Building Scalable Microservices: Event-Driven Architecture with Ruby on Rails

When building microservices with Ruby on Rails, I’ve found that event-driven architecture offers tremendous advantages for creating scalable, loosely coupled systems. After working on several large-scale implementations, I’ve identified key techniques that significantly improve reliability and performance.

Event-driven microservices rely on asynchronous communication patterns where services interact by publishing and consuming events rather than making direct requests. This approach creates systems that are more resilient, independently scalable, and maintainable.

Event Schema Design and Versioning

Effective event schema design forms the foundation of any event-driven system.

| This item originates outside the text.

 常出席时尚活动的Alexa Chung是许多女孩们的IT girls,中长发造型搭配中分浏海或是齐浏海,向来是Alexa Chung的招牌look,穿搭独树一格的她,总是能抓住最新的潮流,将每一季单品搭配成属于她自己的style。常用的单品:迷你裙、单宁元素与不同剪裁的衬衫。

Events should be self-contained, carrying all necessary information without requiring the consumer to fetch additional data.

I recommend using a schema registry to enforce consistency across events. With Ruby on Rails, we can implement this using a dedicated gem:

# app/models/event_schema.rb
class EventSchema
  include ActiveModel::Validations
  
  class << self
    def registry
      @registry ||= {}
    end
    
    def register(event_name, version, schema)
      registry[event_name] ||= {}
      registry[event_name][version] = schema
    end
    
    def validate(event_name, version, payload)
      schema = registry.dig(event_name, version)
      raise UnknownSchemaError, "No schema for #{event_name}:#{version}" unless schema
      
      schema.validate(payload)
    end
  end
end

# Registration example
EventSchema.register('user.created', '1.0', UserCreatedSchema)

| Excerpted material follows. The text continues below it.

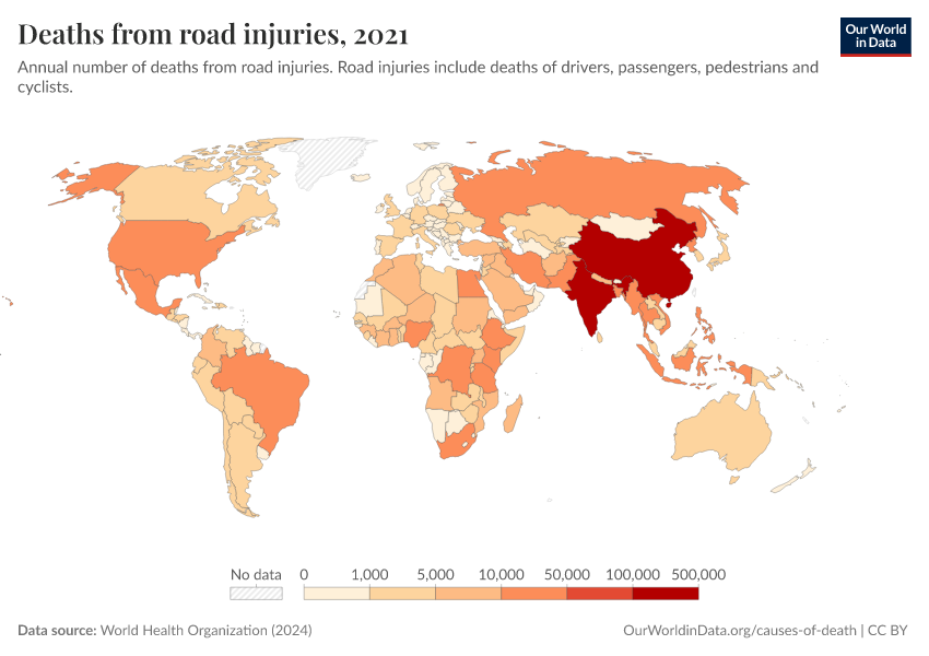 World Health Organization (2024) – with major processing by Our World in Data. “Deaths from road injuries” [dataset]. World Health Organization, “Global Health Estimates” [original data]. Retrieved February 26, 2026 from https://refactor-responseset-ergonom.owid.pages.dev:8789/20250909-093708/grapher/deaths-from-road-injuries.html (archived on September 9, 2025).

For versioning, I follow semantic versioning principles and include the version in the event metadata. This allows services to handle multiple versions simultaneously during transitions:

# app/services/event_versioner.rb
class EventVersioner
  def self.transform(event, target_version)
    return event if event.version == target_version
    
    migration_path = find_migration_path(event.name, event.version, target_version)
    
    current_payload = event.payload.dup
    migration_path.each do |migration|
      current_payload = migration.transform(current_payload)
    end
    
    event.dup.tap do |e|
      e.payload = current_payload
      e.version = target_version
    end
  end
  
  private
  
  def self.find_migration_path(event_name, from_version, to_version)
    # Find appropriate migrations between versions
    EventMigrationRegistry.migrations_for(event_name, from_version, to_version)
  end
end

Message Broker Integration

Selecting the right message broker is crucial. I’ve had success with RabbitMQ for complex routing needs and Kafka for high-throughput scenarios.

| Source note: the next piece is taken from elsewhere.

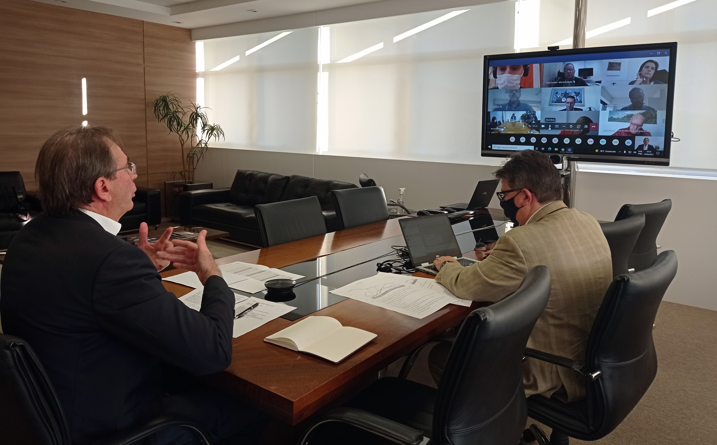 Florianópolis, 14.6.2021 - Em reunião com o secretário especial adjunto do Ministério da Economia, Bruno Portela, o presidente da Federação das Indústrias (FIESC), Mario Cezar de Aguiar, defendeu a redução temporária do imposto de importação do aço. O insumo teve alta superior a 100% em 12 meses e tem impactado diversos setores, principalmente a construção e o metalmecânico. A reunião virtual, realizada nesta segunda-feira, dia 14, foi intermediada pela coordenadora do Fórum Parlamentar, a deputada Angela Amin, e contou com a participação do deputado Vítor Lippi, de São Paulo, e de representantes da indústria deste estado.

For Rails integration with RabbitMQ, the Bunny gem works well:

# config/initializers/rabbitmq.rb
require 'bunny'

module RabbitMQ
  class << self
    def connection
      @connection ||= begin
        conn = Bunny.new(
          hosts: Rails.application.config.rabbitmq[:hosts],
          vhost: Rails.application.config.rabbitmq[:vhost],
          username: Rails.application.config.rabbitmq[:username],
          password: Rails.application.config.rabbitmq[:password],
          automatically_recover: true
        )
        conn.start
        conn
      end
    end
    
    def channel
      Thread.current[:rabbitmq_channel] ||= connection.create_channel
    end
    
    def exchange
      @exchange ||= channel.topic('events', durable: true)
    end
  end
end

# Graceful shutdown
at_exit do
  RabbitMQ.connection.close if RabbitMQ.connection.open?
end

When working with Kafka, the ruby-kafka gem provides a solid foundation:

# config/initializers/kafka.rb
require 'kafka'

module KafkaClient
  class << self
    def producer
      @producer ||= client.producer(
        required_acks: :all,
        compression_codec: :snappy,
        max_retries: 3,
        retry_backoff: 1
      )
    end
    
    def consumer(group_id:)
      client.consumer(group_id: group_id)
    end
    
    private
    
    def client
      @client ||= Kafka.new(
        seed_brokers: Rails.application.config.kafka[:brokers],
        client_id: Rails.application.config.service_name
      )
    end
  end
end

Event Sourcing Patterns

Event sourcing maintains a complete history of domain changes as a sequence of events. This approach provides auditability and enables replaying events to reconstruct state.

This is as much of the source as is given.